RECORDS FOR PROCESSING START

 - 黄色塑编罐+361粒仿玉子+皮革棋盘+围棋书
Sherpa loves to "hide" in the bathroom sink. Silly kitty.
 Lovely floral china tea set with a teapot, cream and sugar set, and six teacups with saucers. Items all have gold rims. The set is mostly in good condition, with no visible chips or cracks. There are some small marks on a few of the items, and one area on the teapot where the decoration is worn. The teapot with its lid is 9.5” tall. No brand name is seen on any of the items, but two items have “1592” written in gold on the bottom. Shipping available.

RECORDS FOR PROCESSING END
RECORDS FOR PROCESSING START

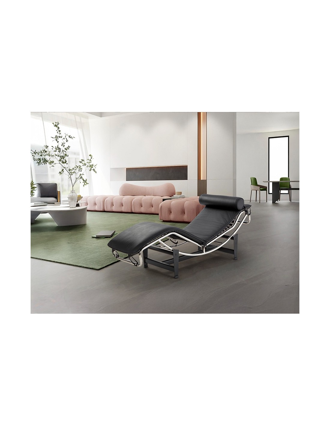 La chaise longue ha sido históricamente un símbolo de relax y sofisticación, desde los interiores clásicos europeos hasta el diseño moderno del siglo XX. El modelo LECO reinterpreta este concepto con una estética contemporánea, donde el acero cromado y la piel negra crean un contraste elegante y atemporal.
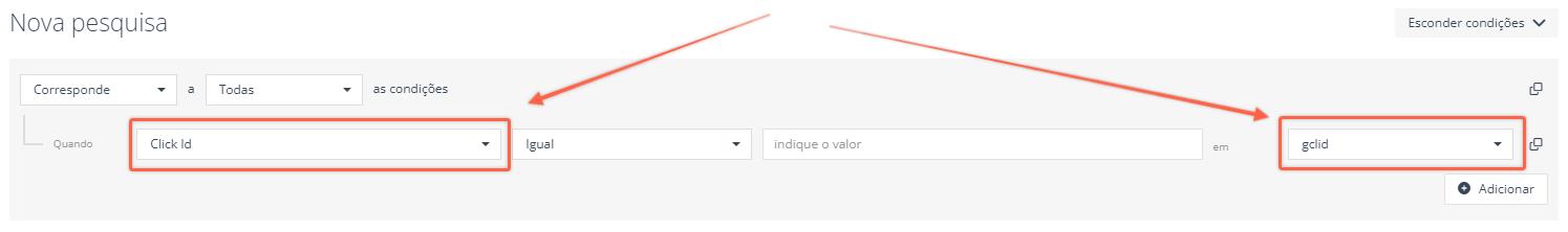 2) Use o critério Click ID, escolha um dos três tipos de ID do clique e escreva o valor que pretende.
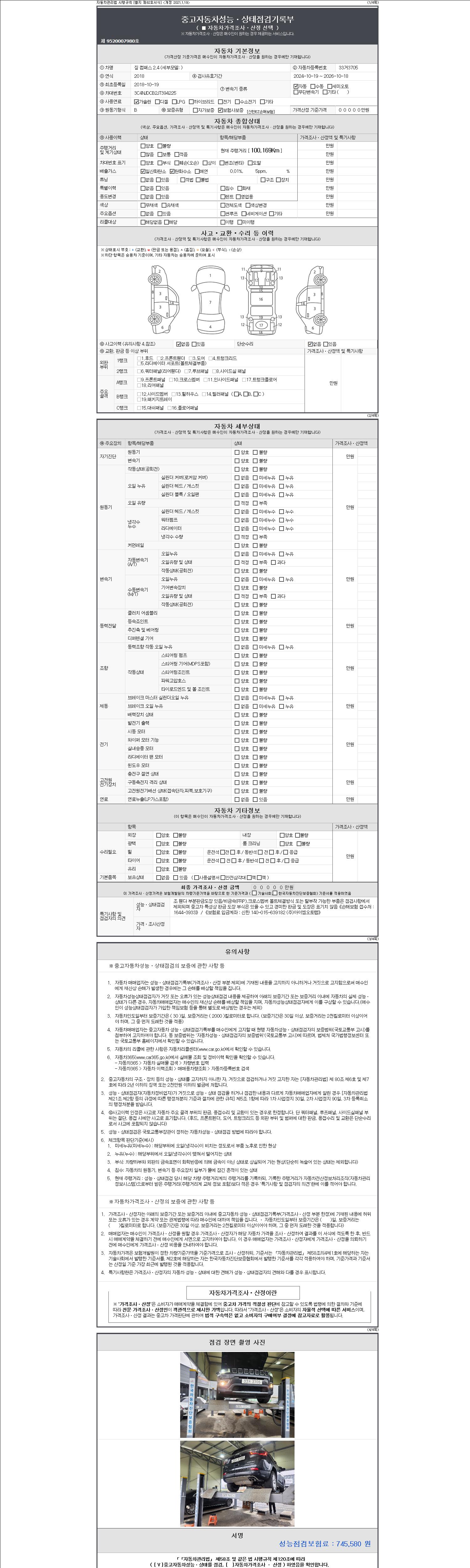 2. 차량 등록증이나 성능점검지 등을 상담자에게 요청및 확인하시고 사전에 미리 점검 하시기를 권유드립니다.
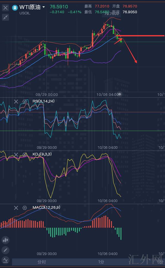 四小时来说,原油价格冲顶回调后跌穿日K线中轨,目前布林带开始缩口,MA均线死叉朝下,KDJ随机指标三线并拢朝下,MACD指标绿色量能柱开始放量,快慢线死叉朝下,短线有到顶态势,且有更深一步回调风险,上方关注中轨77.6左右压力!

RECORDS FOR PROCESSING END

> **TASK PROMPT**: Produce only the lines from the line containing "- 黄色塑编罐+361粒仿玉子+皮革棋盘+围棋书" through the line containing "Sherpa loves to", inclusive of both, exactly as they stand in the entries above.

> **ANSWER FOR THIS EXERCISE**:
 - 黄色塑编罐+361粒仿玉子+皮革棋盘+围棋书
Sherpa loves to "hide" in the bathroom sink. Silly kitty.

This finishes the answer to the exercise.